Yabancılar için Türkiye’nin her çeşit Kürt militanlığından duyduğu korkunun ve neredeyse ırkçı nefretinin düzeyini anlamak bazen zor oluyor. Amerika, Rusya, Avrupa –genel olarak Batı- “terörist” kelimesini o denli ete kemiğe büründürmemiş (desomaticised) ki Türklerin Kürtleri –tıpkı Birinci Dünya Savaşı’nda Ermenilere bakışları gibi- ne denli “terörist” ve Türk devletinin varlığına ve bekasına yönelik bir tehdit olarak gördüklerini idrakte başarısız oluyoruz. Mustafa Kemal Atatürk, Adolf Hitler’in bile hayran olduğu iyi bir eski laik diktatör olabilir; ama onun Türkiye’yi bir ve bütün tutma mücadelesi, -devlete karşı Batılı güçlerin komplo kurduğuna dair karanlık (ve makul) şüphelerle birlikte- her daim Türklerin kalbinin attığı bu topraklara musallat olan hizipleşmelerden de kaynaklandı.

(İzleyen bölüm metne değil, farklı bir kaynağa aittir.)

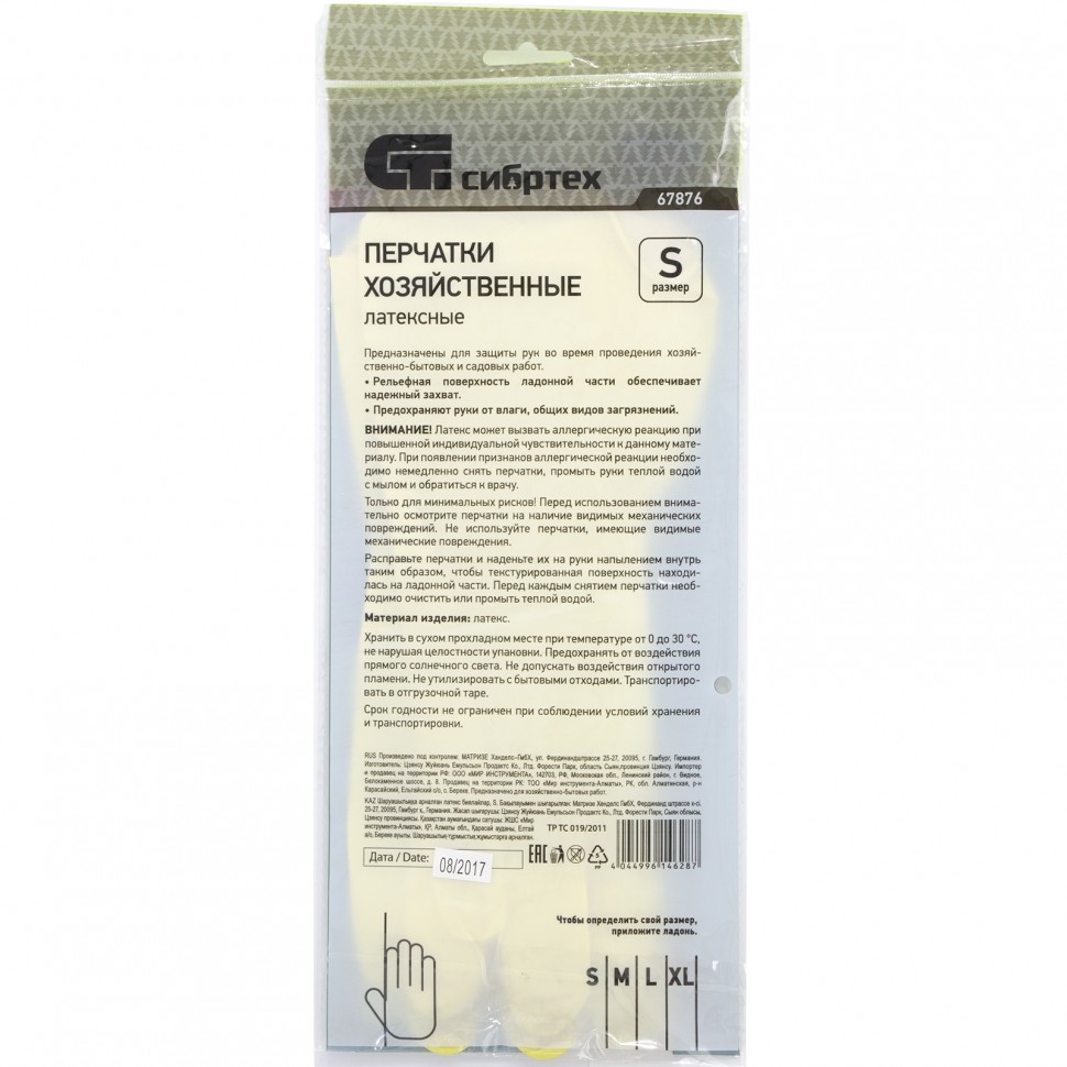<p>Хозяйственные латексные перчатки Сибртех 67879, размер XL, не допускают контакта кожи рук с чистящими средствами, загрязнениями и водой. С ними можно проводить влажную уборку помещений, очищать различные поверхности, работать с удобрениями без риска повреждения кожи. Перчатки не сковывают движений, сохраняют тактильность и плотно прилегают к рукам, за счет чего с ними комфортно работать.</p><h2>Преимущества</h2><ul><li>Латекс придает перчаткам прочность и эластичность, что позволяет использовать их многократно.</li><li>Текстурированная ладонная часть позволяет надежно удерживать предметы без риска проскальзывания.</li><li>Перчатки изготовлены согласно требованиям ТР ТС 019/2011, поэтому характеризуются высоким качеством.</li></ul>

O halde her şey hesaba katıldığında, bu hafta sonu Türkiye’de ilk bakışta zannedildiğinden çok daha dramatik bir olaylar dizisi cereyan etti. Şu anda AB’nin sınırından Türkiye, Suriye, Irak, Mısır’ın Sina Yarımadası’nın büyük kısımları, Libya ve Tunus’a varıncaya kadar bir anarşi ve çökmüş devletler silsilesi söz konusu. Sir Mark Sykes ve François Georges-Picot -Arthur Balfour’la birlikte- Osmanlı İmparatorluğu’nun parçalanmasını başlatmıştı; ama bu süreç bugüne kadar devam etti.

Bu korkunç tarihi çerçeve içinde Ankara’da henüz gerçekleşmemiş darbeye bakmalıyız. Önümüzdeki aylarda veya yıllarda yeni bir darbeye hazırlıklı olun.